[Items from a data source]
- - -

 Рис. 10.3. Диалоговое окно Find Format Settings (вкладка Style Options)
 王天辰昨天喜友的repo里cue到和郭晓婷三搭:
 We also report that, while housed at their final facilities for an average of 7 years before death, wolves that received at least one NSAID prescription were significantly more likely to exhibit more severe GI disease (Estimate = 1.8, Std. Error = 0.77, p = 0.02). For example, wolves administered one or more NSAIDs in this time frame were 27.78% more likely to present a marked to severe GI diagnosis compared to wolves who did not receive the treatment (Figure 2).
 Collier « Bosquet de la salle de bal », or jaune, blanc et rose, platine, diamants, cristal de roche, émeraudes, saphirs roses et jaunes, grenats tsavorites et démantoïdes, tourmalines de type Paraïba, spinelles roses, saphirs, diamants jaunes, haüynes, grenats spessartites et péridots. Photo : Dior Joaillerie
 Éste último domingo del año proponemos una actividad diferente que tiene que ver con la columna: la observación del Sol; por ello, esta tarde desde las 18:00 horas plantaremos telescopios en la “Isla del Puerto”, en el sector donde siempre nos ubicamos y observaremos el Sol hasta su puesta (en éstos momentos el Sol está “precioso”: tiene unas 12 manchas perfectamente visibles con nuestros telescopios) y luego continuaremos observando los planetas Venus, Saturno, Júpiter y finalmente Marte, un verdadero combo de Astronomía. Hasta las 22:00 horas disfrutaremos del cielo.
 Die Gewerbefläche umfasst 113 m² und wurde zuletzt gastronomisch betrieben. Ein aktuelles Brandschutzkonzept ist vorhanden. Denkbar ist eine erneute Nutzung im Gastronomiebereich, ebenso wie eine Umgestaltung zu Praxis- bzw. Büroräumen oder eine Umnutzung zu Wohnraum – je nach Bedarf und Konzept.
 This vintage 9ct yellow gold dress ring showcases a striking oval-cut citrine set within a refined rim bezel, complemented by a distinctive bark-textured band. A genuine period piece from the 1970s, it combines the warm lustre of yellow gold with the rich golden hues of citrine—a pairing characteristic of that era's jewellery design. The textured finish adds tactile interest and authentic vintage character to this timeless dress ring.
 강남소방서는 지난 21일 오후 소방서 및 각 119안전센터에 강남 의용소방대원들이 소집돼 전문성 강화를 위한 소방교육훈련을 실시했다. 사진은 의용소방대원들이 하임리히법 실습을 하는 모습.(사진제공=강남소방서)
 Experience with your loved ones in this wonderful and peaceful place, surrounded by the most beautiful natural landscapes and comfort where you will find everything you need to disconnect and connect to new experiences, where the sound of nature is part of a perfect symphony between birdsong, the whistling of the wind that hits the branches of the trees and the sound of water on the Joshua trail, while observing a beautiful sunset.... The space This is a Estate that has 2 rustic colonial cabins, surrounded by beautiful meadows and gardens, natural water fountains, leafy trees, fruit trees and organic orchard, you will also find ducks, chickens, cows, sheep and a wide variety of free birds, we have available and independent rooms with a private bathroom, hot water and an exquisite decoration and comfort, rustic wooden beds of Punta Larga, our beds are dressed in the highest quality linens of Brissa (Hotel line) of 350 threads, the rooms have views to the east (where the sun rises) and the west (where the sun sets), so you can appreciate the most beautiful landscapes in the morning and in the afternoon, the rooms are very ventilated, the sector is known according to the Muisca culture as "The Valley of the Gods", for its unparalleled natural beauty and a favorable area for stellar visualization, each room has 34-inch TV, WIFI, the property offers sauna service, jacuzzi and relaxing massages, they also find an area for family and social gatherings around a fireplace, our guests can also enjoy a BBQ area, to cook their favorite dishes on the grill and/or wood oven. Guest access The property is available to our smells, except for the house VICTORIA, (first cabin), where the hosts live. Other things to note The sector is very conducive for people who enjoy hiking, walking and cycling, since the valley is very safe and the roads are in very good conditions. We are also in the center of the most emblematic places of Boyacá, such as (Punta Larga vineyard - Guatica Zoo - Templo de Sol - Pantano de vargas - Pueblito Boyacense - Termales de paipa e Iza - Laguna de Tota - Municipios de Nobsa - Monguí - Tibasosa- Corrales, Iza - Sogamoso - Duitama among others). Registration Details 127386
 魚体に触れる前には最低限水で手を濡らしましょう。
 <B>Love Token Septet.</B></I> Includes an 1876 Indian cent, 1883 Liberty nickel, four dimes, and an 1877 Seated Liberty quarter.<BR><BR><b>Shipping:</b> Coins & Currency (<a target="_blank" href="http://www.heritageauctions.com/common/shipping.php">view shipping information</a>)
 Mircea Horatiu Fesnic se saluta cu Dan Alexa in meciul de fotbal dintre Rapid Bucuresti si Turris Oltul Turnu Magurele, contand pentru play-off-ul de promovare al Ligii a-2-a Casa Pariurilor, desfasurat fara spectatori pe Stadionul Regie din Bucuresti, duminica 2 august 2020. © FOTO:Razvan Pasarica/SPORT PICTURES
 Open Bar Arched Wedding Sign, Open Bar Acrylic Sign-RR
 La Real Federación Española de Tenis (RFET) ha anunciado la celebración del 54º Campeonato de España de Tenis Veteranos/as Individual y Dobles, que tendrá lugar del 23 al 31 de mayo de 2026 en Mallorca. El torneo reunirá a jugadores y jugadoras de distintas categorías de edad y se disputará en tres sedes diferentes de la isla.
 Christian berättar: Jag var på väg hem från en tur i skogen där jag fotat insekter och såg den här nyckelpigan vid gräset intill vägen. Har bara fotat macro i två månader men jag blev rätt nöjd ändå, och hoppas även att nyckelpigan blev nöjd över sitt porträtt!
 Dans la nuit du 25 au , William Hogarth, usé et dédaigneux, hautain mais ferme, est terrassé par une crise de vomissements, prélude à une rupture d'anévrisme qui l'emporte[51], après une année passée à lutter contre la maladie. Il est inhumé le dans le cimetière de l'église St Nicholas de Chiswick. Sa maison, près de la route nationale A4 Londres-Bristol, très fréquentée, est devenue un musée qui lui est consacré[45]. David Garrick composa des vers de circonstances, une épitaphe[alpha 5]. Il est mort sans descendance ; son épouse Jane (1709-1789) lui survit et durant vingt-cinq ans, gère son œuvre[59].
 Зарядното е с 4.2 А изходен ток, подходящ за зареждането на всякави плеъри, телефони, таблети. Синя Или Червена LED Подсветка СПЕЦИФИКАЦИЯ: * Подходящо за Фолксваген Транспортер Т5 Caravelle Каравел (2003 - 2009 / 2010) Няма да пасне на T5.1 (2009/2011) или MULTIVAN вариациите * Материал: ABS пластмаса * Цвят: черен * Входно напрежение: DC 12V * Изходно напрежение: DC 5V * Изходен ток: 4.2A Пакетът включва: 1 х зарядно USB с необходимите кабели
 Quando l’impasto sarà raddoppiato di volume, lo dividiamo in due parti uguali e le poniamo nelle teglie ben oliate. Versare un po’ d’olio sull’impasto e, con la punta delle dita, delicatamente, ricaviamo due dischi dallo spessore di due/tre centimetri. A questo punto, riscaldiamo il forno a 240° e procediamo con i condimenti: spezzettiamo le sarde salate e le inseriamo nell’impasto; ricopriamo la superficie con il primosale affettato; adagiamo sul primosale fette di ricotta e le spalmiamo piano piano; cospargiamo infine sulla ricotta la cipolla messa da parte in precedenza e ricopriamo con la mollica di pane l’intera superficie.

- - -

### WHAT IS BEING ASKED:
In restating the data, begin at its first line, reproduce each line word for word, and conclude with the line that contains "Photo : Dior Joaillerie".

### SOLUTION TO THIS TASK:
 Рис. 10.3. Диалоговое окно Find Format Settings (вкладка Style Options)
 王天辰昨天喜友的repo里cue到和郭晓婷三搭:
 We also report that, while housed at their final facilities for an average of 7 years before death, wolves that received at least one NSAID prescription were significantly more likely to exhibit more severe GI disease (Estimate = 1.8, Std. Error = 0.77, p = 0.02). For example, wolves administered one or more NSAIDs in this time frame were 27.78% more likely to present a marked to severe GI diagnosis compared to wolves who did not receive the treatment (Figure 2).
 Collier « Bosquet de la salle de bal », or jaune, blanc et rose, platine, diamants, cristal de roche, émeraudes, saphirs roses et jaunes, grenats tsavorites et démantoïdes, tourmalines de type Paraïba, spinelles roses, saphirs, diamants jaunes, haüynes, grenats spessartites et péridots. Photo : Dior Joaillerie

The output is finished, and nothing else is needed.